Thursday, June 6, 2013

Chapters 11-13

-Good description of “The Volatile Society”: The decline of mortality and the increase in population did not stop the flow of immigrants…New workers were still necessary, because Virginia's increase in population did not solve the labor problem of the planters. When servants became free, they preferred to work for themselves even though that might mean going into partnership for a term with one or more other freedmen. And they had been able to set up for themselves because of the cheap public land that was another feature of Virginia society.
As they began to live longer, however, as more became free each year, their very numbers posed a problem for the men who had brought them. If the ex-servants continued as freemen to make tobacco, though they would automatically con­tribute to the fees and duties levied on the trade, they would be competing with their former masters. By adding to the volume of the crop, they would help to depress the price. If they did not make tobacco but lapsed into an idle, perhaps dissolute life such as many had led in England, they would corrupt the labor force and contribute nothing to the revenue derived from the colony. As things were going then, the increasing number of freedmen, whether dili­gent or delinquent, would increasingly cut into their former masters' profits….
In efforts to handle this problem, the men who ran Virginia began to alter their society in ways that curtailed and threatened the independence of the small freeman and worsened the lot of the servant. During the last thirty or forty years of the seventeenth century, while tobacco was enriching the king and so many others, most of the men who worked in the fields were losers, and they did not much like it.

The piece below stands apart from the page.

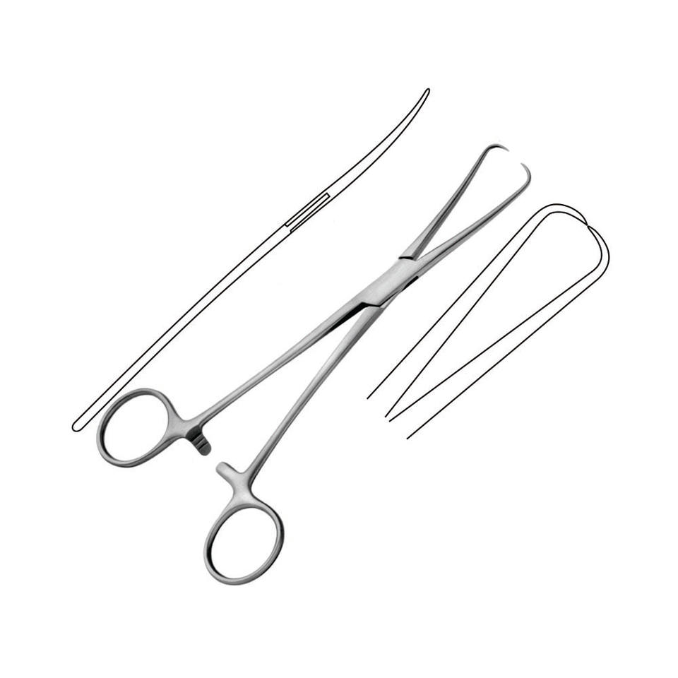 คีมจับเนื้อเยื่อชั้นผนังหน้าผิวหนังคุณภาพสูง โค้งเล็กน้อย ฟัน 1x2 ขนาด 21 ซม. ทำจากสแตนเลส คีมโคเชอร์สำหรับการผ่าตัด

-The tragedy of freemen having possibilities cut off by land-engrossing elite reminds me of a story where the elite didn’t get their way later on, and the story turned out well.  According to The Mystery of Capital, the story didn’t turn into a tragedy when settlers moved west later because they were able to squat on land and our democratic institutions took their side against the speculators (According to de Soto, this is the big story for the world to learn from the U.S. today and why capitalism hasn’t worked in the developing world—because they haven’t let this happen).

-By the 1660’s, Va. was acquiring a new social structure, and the “losers” are the fast-growing group at the bottom.
-I wonder if their mobility was better or worse than that of England or Europe in general.

-He sure does like Berkeley.  Not only would his diversification scheme have worked, but his plan would’ve helped both losers (freemen and Indians) by switching the tax from poll to land and discouraging accumulation.
-It makes sense, but this seems a more positive assessment on Berkeley than I seem to have remembered in the past.
  

-I find it interesting that we have difficulty sorting out the story between Bacon and Berkeley because the documents weren’t dated—it shows the messiness of doing history.  This would be an interesting tidbit to share with my AP students when we do DBQs—I wonder if there’s one on Bacon’s Rebellion.

1 comment:

  1. Is it bad form to comment on your own comment?

    After reading a couple hundred Document Based Questions on the growth of abolitionism, it occurred to me that another force that force that resisted land-engrossing by elites was the lower class whites taking political action to prevent the spread of slavery. We see this in the Wilmot Proviso--his concern was not with slaves but with whites having the opportunityh to get land--and the Free Soil Party. Wasn't that also why the Northwest Ordnance of 1787 banned slavery?